Reference no: EM133078280
The Chief Marketing Office (CMO) had a great idea: Free Shipping.
A recent research study shows that consumer like to get things that are free: it is as if their tastes change and that would accept a higher price. If used strategically, that means more profit.
The company has known for a long time that they have a competitive advantage in the area and face no competition. The CMO talked to shipping and concluded that recent developments have reduced shipping cost by 25 percent: what used to cost a consumer $4/km would cost the company $3/km. The Chief Financial Officer (CFO) worried about the extra unlimited cost if they were to promise to ship anywhere. The CMO and CFO negotiated and the CEO decided to limit the free shipping offer to consumers who are located no more than 100 km from the factory. That along would double the number of customers. The CEO also agreed to raise the price charged to a consumer by 20 percent, for $1000 per unit (last year, i.e., if bought at the factory) to $1200 (to anybody, i.e., delivered or at the factory). And to revisit the question after 12 months.

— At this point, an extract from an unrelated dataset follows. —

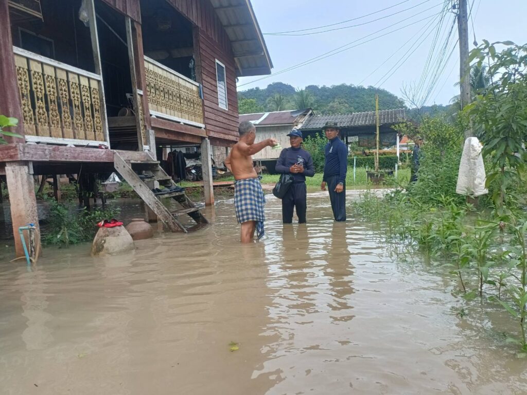 ล่าสุด เรือโท สุโภชน์ ทองย้อย รองผู้บังคับหน่วยปฏิบัติการต่อสู้อากาศยานและรักษาฝั่งที่ 452 เป็นหัวหน้าชุดบรรเทาสาธารณภัย สังกัดทัพเรือภาคที่3 รับผิดชอบในพื้นที่จังหวัดสตูลพร้อมกำลังพล ลงพื้นที่ไปช่วยเหลือชาวบ้านและเข้าสอบถามชาวบ้านที่กำลังรับผลกระทบจากน้ำที่กำลังไหลเข้าท่วมอยู่ในขณะนี้ในพื้นนที่ต่างๆ และช่วยเอาทรายใส่กระสอบเพื่อเอาไปให้ชาวบ้านกันเป็นแนวกันน้ำ ส่วนสถานการณ์ขณะนี้มวลน้ำไหลไปสู่พื้นที่ย่านเศษฐ์กิจตำบลฉลุง อำเภอเมืองสตูล ปริมาณน้ำพบว่าล้นตลิ่งไม่มากนัก ต้องรอดูสถานการณ์คืนนี้ว่าจะมีฝนเติมมาในพื้นที่ต้นน้ำหรือไม่ หากว่าจะทำให้น้ำระบายได้เร็วขึ้น ซึ่งทั้งนี้จะต้องขึ้นอยู่กับปริมาณน้ำทะเลหนุนด้วย ที่จะเป็นปัจจัยเสริม พร้อมฝากเตือนพี่น้องประชาชนที่อยู่ในพื้นที่ลุ่มต่ำ พื้นที่การเกษตรและพื้นที่ติดแม่น้ำ ขอให้ติดตามสถานการณ์การแจ้งเตือนภัยอย่างใกล้ชิด หากเป็นพื้นที่เสี่ยงแนะนำให้ยกของไว้บนที่สูง โดยเฉพาะกลุ่มคนแก่และผู้เปราะบาง

At year end, the CFO looks at the numbers. The number of sales doubled, and that one-third of sales are unprofitable because the price increase does not cover the cost of shipping that far. The sales reps confirm that the CMO's hypothesis that consumers really like the idea of free shipping. In fact, one third of all customers say that they would never have bought from the company before. Sales reps say that one-sixth of all customers had thought about buying from the company two years ago and are buying now only because of the offer; they like the "Free Shipping" but would refuse to pay even a slightly higher price.
The CMO says that the increase in sales is proof that free shipping is equivalent to a 50 percent increase in the willingness to pay by a consumer. The CFO says that the increase is less than 10 percent and might be 0.
Is the CMO right? Is the CFO right? Or are both wrong about the effect of "Free Shipping" on a consumer's willingness to pay for the product? (As discussed in class, assume that all consumers have the same taste and income and that they do not vary by location.)